- **DIRECTIONS**: Everything in the listing except the pictures should be written out exactly.

- **THE DATA**:
━━━━━━━━━━
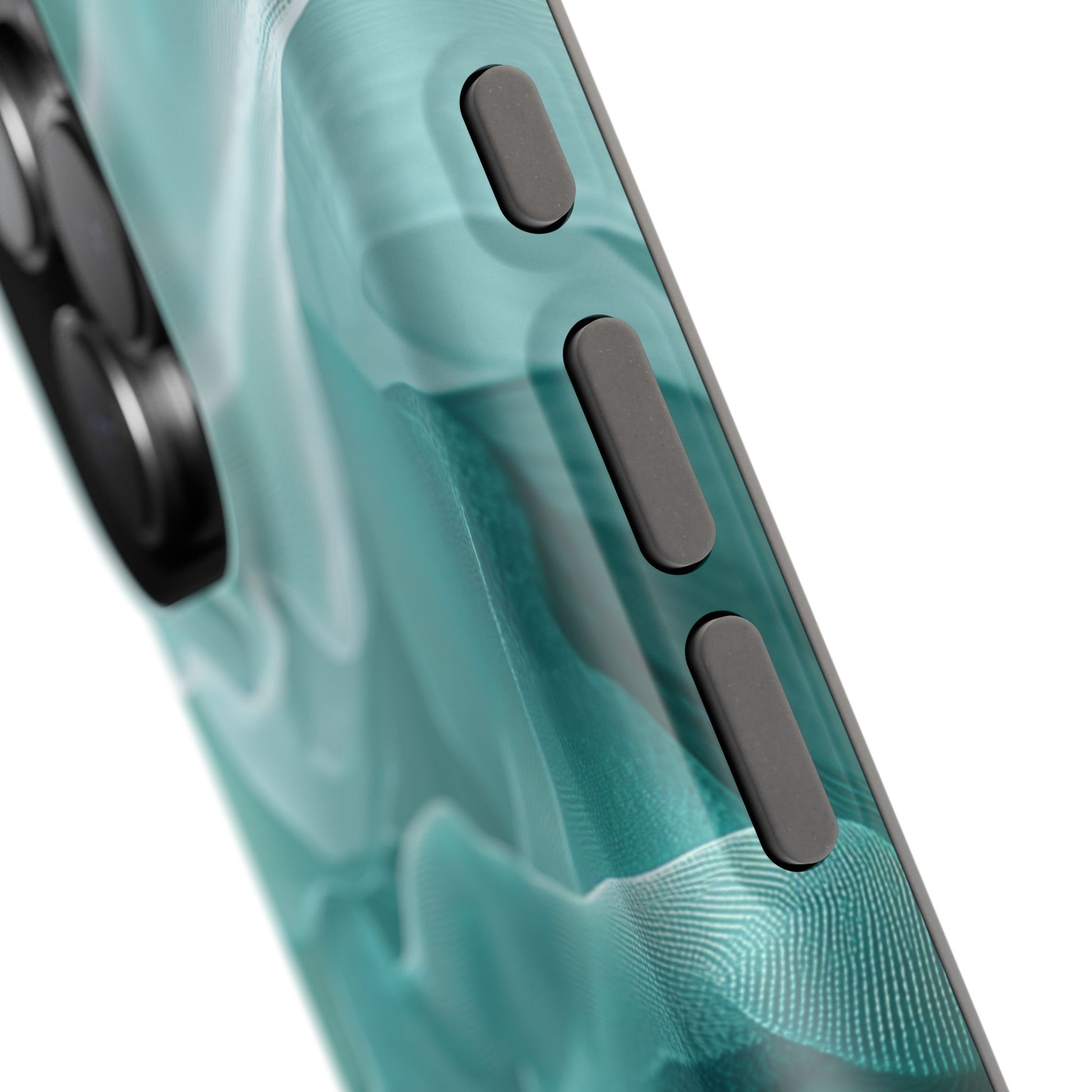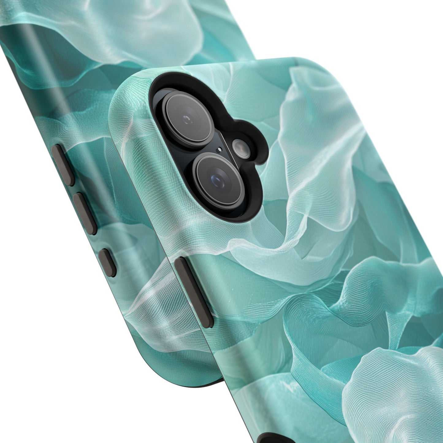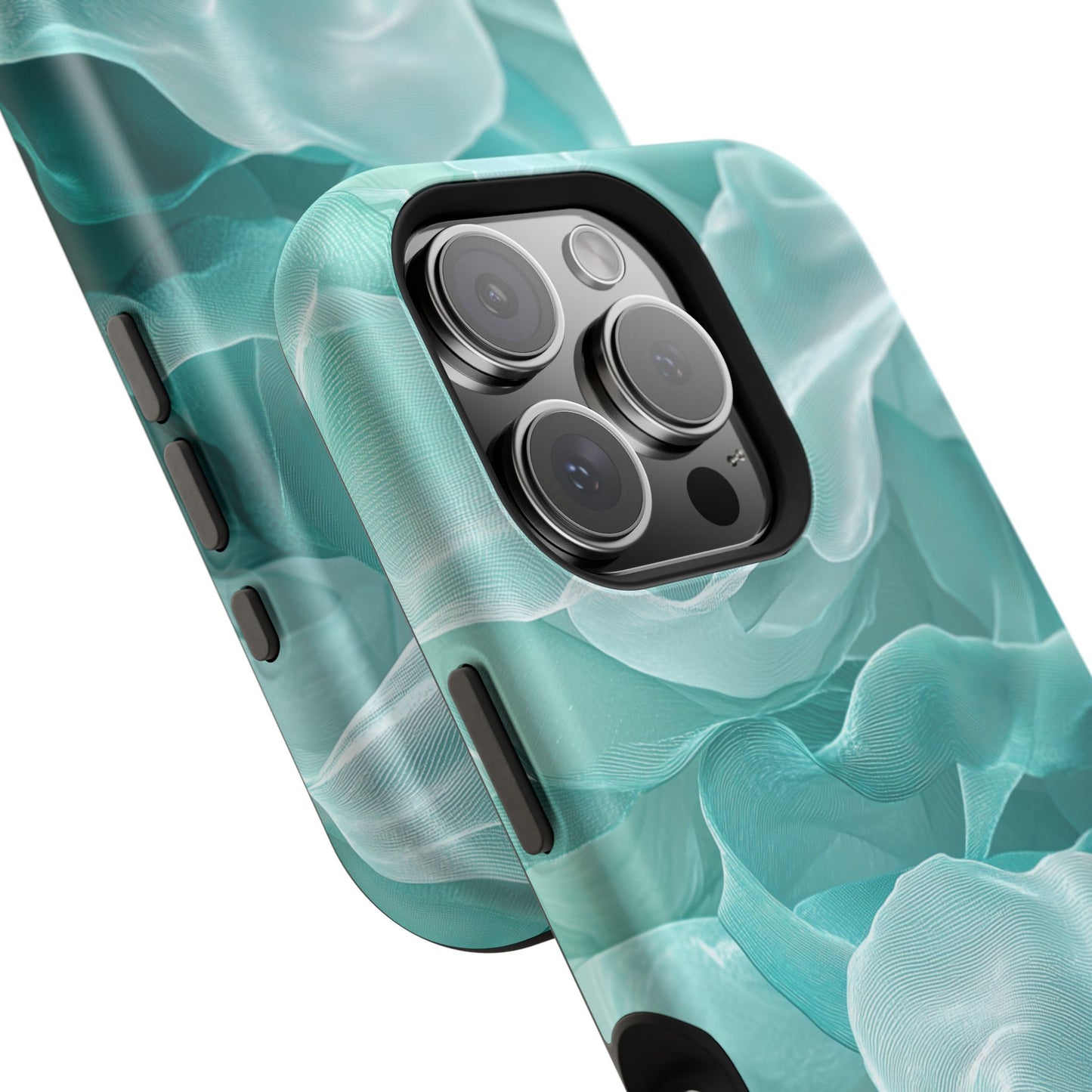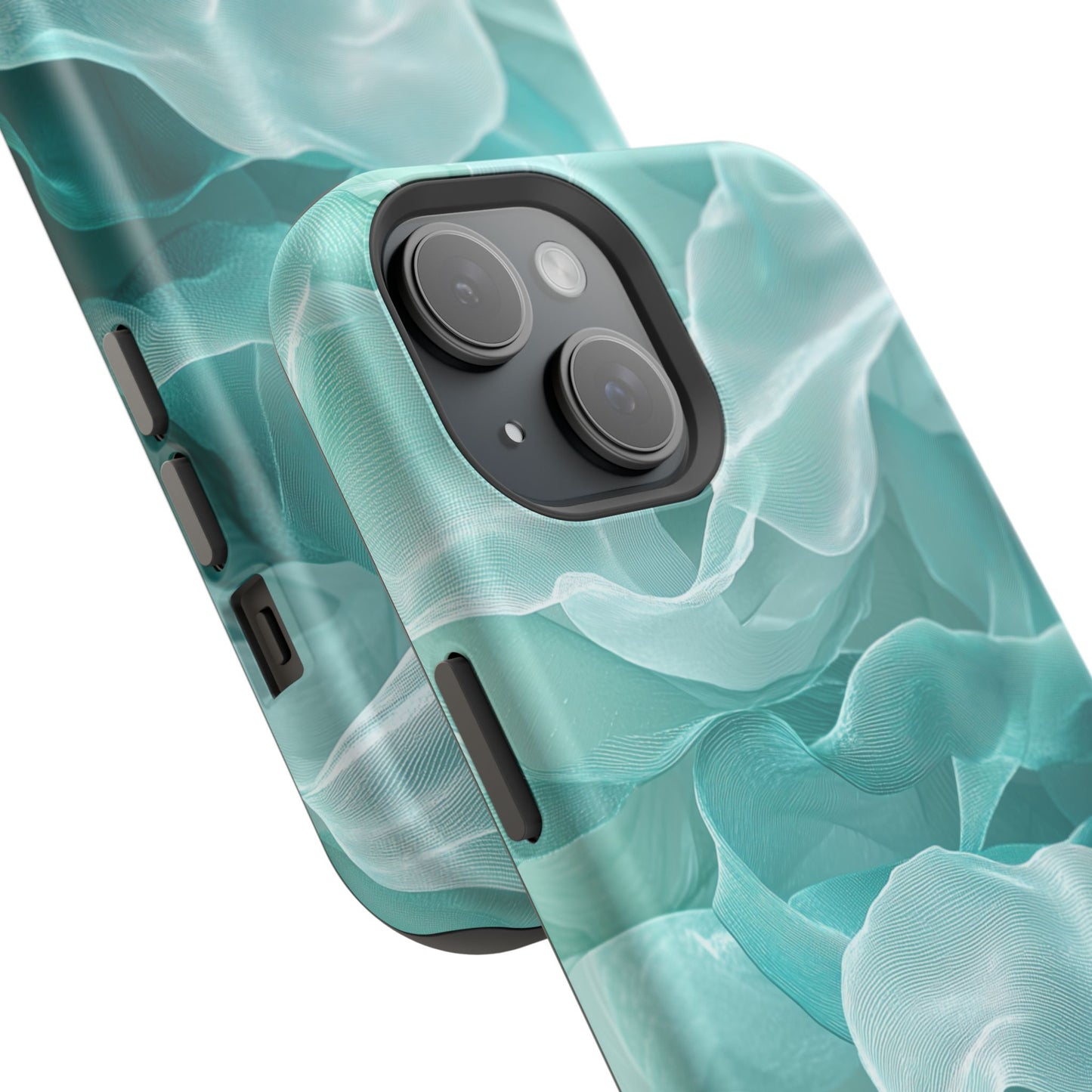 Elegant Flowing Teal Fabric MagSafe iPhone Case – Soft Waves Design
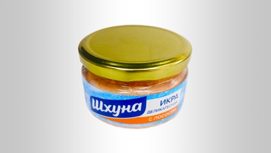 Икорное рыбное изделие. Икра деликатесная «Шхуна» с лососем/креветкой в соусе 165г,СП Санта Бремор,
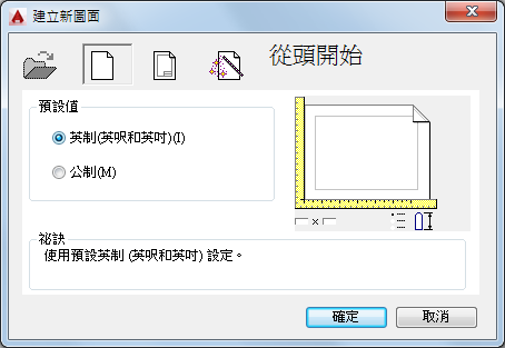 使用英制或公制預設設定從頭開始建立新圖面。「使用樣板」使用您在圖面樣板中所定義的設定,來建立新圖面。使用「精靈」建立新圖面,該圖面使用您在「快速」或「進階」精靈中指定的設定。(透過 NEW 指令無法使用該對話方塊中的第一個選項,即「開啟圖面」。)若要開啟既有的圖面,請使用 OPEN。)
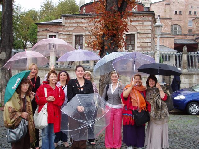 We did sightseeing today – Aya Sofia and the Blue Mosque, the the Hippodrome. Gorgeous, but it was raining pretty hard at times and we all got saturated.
━━━━━━━━━━
- **TASK RESPONSE**:
 Elegant Flowing Teal Fabric MagSafe iPhone Case – Soft Waves Design
 Икорное рыбное изделие. Икра деликатесная «Шхуна» с лососем/креветкой в соусе 165г,СП Санта Бремор,
 使用英制或公制預設設定從頭開始建立新圖面。「使用樣板」使用您在圖面樣板中所定義的設定,來建立新圖面。使用「精靈」建立新圖面,該圖面使用您在「快速」或「進階」精靈中指定的設定。(透過 NEW 指令無法使用該對話方塊中的第一個選項,即「開啟圖面」。)若要開啟既有的圖面,請使用 OPEN。)
 We did sightseeing today – Aya Sofia and the Blue Mosque, the the Hippodrome. Gorgeous, but it was raining pretty hard at times and we all got saturated.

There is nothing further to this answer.